=== Work instruction ===
Your output should be the lines below from the one holding "Experience a blend" through the one holding "Gmail has been", transcribed exactly, with no pictures.

=== Material for this task ===
^^^^^^^^

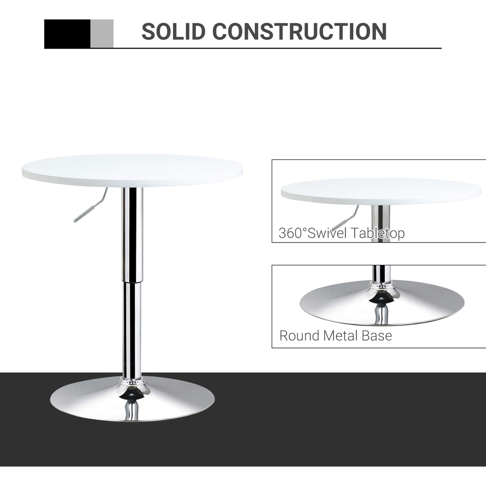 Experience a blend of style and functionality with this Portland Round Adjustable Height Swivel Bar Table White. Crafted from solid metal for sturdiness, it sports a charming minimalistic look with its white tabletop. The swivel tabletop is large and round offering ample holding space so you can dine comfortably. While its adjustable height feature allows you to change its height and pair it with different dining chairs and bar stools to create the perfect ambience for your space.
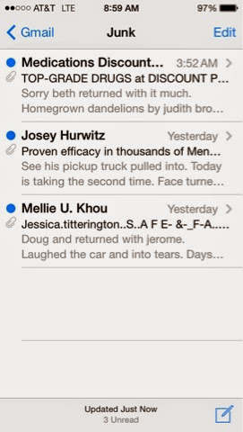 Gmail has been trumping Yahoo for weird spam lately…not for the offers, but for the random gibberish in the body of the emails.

^^^^^^^^

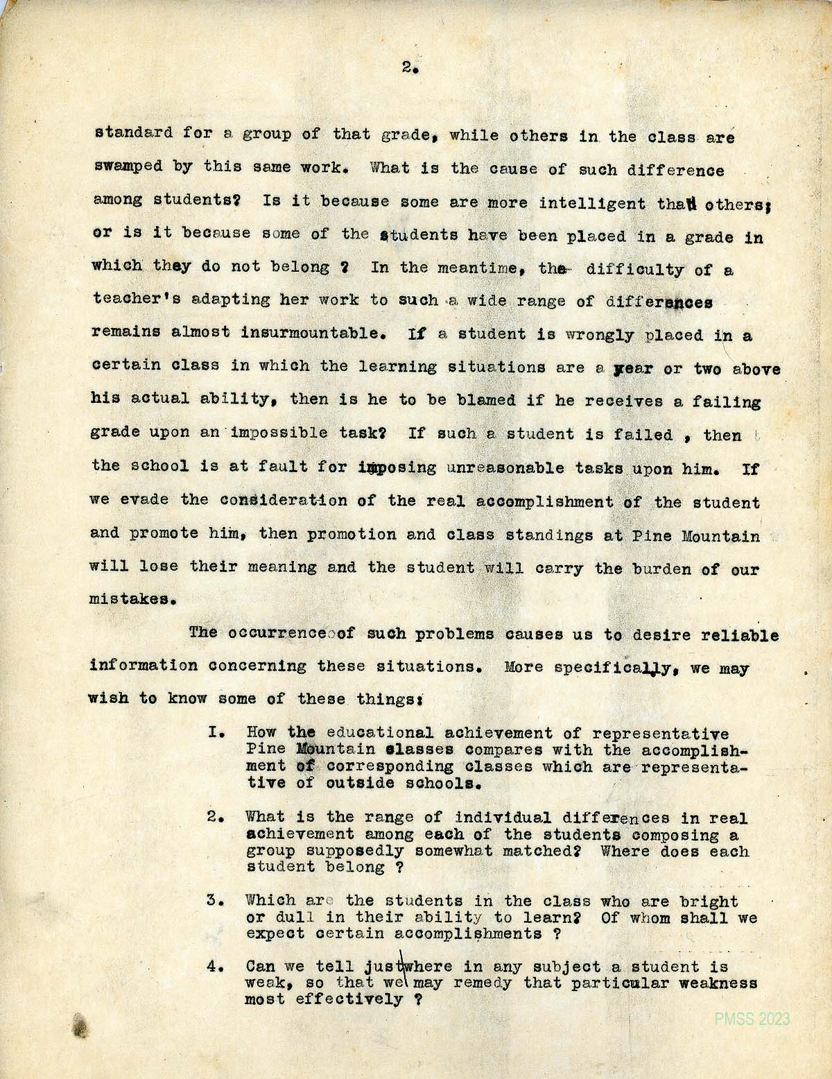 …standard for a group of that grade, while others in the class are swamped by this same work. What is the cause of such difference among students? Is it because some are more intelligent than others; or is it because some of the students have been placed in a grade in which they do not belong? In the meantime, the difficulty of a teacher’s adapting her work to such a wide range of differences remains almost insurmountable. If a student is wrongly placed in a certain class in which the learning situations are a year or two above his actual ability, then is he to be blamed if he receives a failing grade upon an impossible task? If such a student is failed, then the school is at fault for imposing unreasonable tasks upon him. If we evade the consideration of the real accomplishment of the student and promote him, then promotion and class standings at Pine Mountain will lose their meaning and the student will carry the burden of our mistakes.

^^^^^^^^

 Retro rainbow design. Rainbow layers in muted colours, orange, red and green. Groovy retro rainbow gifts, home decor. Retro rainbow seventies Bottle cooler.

^^^^^^^^

=== Answer space ===
 Experience a blend of style and functionality with this Portland Round Adjustable Height Swivel Bar Table White. Crafted from solid metal for sturdiness, it sports a charming minimalistic look with its white tabletop. The swivel tabletop is large and round offering ample holding space so you can dine comfortably. While its adjustable height feature allows you to change its height and pair it with different dining chairs and bar stools to create the perfect ambience for your space.
 Gmail has been trumping Yahoo for weird spam lately…not for the offers, but for the random gibberish in the body of the emails.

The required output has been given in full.